2. B.A.N. DE SAINT-MANDRIER – Alors que les événements d’Europe centrale mettent l’Europe sous pression, le transport d’aviation « Commandant Teste » est à Oran où l’escadrille d’hydravions de bombardement 7B2 est mise à l’eau. L’escadrille gagne Arzew, mais, à cause de l’état de la mer, elle ne volera pratiquement pas. Par la suite, elle regagnera Saint-Mandrier (Moulin Jean, Morareau Lucien, Picard Claude, 2001).
–1940 – Les 3, 7, et 20 septembre : Tahiti, les possessions françaises de l’Océanie et la Nouvelle Calédonie qui, dès le 20 juin, avaient voté une adresse au général de Gaulle, proclamaient officiellement leur adhésion au Chef des Français Libres.
-1941 – 20 septembre : WEYGAND – Les Allemands exigent de Vichy la mise à l’écart du général Weygand, délégué général en Afrique française depuis le 6 septembre.
-1942 – 20 septembre :
1. La Résistance commémore le 150e anniversaire de la bataille de Valmy sur les Prussiens. A cette occasion, les autorités de Vichy craignent de nouveaux désordres et, prenant les devants, elles décident l’arrestation de Marc Baron. Sur le mandat d’amener, on peut lire « … Se saisir du sieur Marc Baron pour sécurité publique signé Pierre Laval». Et dans les considérants du bulletin d’écrou, il est écrit qu’il a crié « Vive la France » et que d’autres manifestants ont crié « Vive la République » (Rossel André, 1985 ; Ken Nicolas, vol. 1. ; Gisèle Argensse, 1989, p. 220).
2. Les « Lettres Françaises » publient leur premier numéro. Cette revue est l’organe du Front National des Ecrivains fondé par Daniel Decourtemanche, Jean Paulhan et Jacques Debû-Bridel.
3 . ATTENTATS A PARIS – A Paris, des attentats sont commis contre le cinéma Rex affecté aux troupes allemandes et la station de métro Marbeuf. Ces actes entraînent l’exécution de 116 otages en représailles ainsi que la fermeture des salles de spectacle.

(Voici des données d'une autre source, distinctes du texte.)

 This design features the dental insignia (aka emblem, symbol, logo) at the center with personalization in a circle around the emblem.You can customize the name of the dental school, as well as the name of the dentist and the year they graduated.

-1943 – 20 septembre : SABOTAGE AUX F.C.M. DE LA SEYNE – selon le rapport du commissaire de Toulon au préfet du Var, le directeur des Etablissements de Constructions Mécaniques informe les services de police qu’un acte de sabotage a été commis à un moment qu’il n’a pu désigner, dans ses ateliers. Sept courroies de transmission sont coupées à l’aide d’un objet tranchant. Ces établissements travaillent pour le compte des troupes d’opération. Le commissaire de police procède à une enquête. Cette action de résistance se produit alors que les Allemands viennent de créer une zone interdite sur la côte méditerranéenne qui passe ipso facto en zone de guerre.

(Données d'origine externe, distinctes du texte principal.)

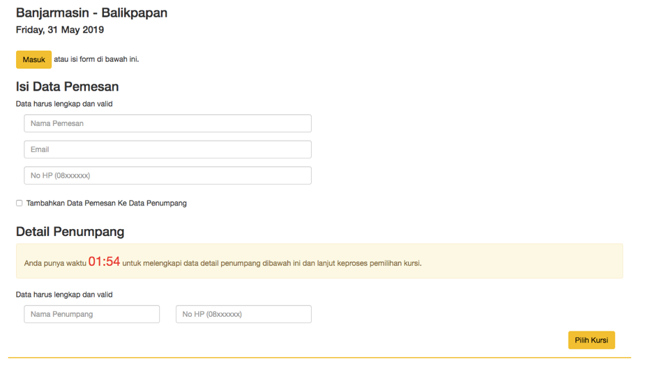 Masukan data pemesan dan data penumpang lainya, jika anda memesan satu tiket silahkan isi data pemesan selanjutnya centang "Tambahkan Data Pemesan Ke Data Penumpang". Klik tombol Pilih Kursi untuk melanjutkan

-1944 – 20 septembre : BATAILLE DE France – LIBERATION DE BREST – capitulation de la garnison allemande de Brest alors que les troupes françaises débarquées en Normandie et en Provence ont fait leur jonction à Châtillon-sur-Seine depuis le 14, on apprend le 20 la capitulation de la garnison allemande de Brest.

–1945 – 20 septembre : Le PORTE-AVIONS « Béarn » se rend de Toulon à Marseille (La Revue Maritime, 284, février 1971, p.261)
-1946 – 20 septembre :
1. LES FONCTIONNAIRES NE SERONT PAS AUGMENTÉS – malgré une grève générale de la fonction publique, le gouvernement, qui a obtenu la confiance de l’Assemblée à une majorité écrasante, refuse aux fonctionnaires une nouvelle augmentation.
2. MORT DE RAIMU – alors que s’ouvre le premier festival de Cannes, on annonce la mort de Jules Muraire, plus connu sous son nom d’acteur « Raimu ».
-1947 – 20 septembre : le statut de l’Algérie est adopté en seconde lecture. Désormais, l’Algérie constitue un « groupe de départements dotés de la personnalité civile, de l’autonomie financière et d’une organisation particulière. » Un gouverneur général, dépendant du ministère de l’Intérieur, dirige l’administration. Un conseil gouvernemental de 6 membres est placé entre le gouverneur et l’Assemblée qui demeure divisée en deux collèges : 464 000 citoyens de statut français et 58 000 musulmans assimilés d’un côté ; 1 400 000 Algériens de l’autre. L’Assemblée de 120 membres désigne 6 élus à l’Assemblée de l’Union française.
-1951 – 20 septembre : adoption de l’échelle mobile des salaires (Jean-Charles Volkmann, 2003). Le même jour, l’Union des Chasseurs de Saint-Mandrier se réunit à la mairie. Cette association fait régulièrement des lâchers de lapins dans les collines pour en assurer le repeuplement (Ken Nicolas, vol. 1, p. 51).
-1954 – 20 septembre : DEFENSE DE L’EUROPE – à Strasbourg, Pierre Mendès-France présente au Conseil de l’Europe sa solution au réarmement allemand et demande à la Grande-Bretagne de s’associer plus étroitement à la défense de l’Europe.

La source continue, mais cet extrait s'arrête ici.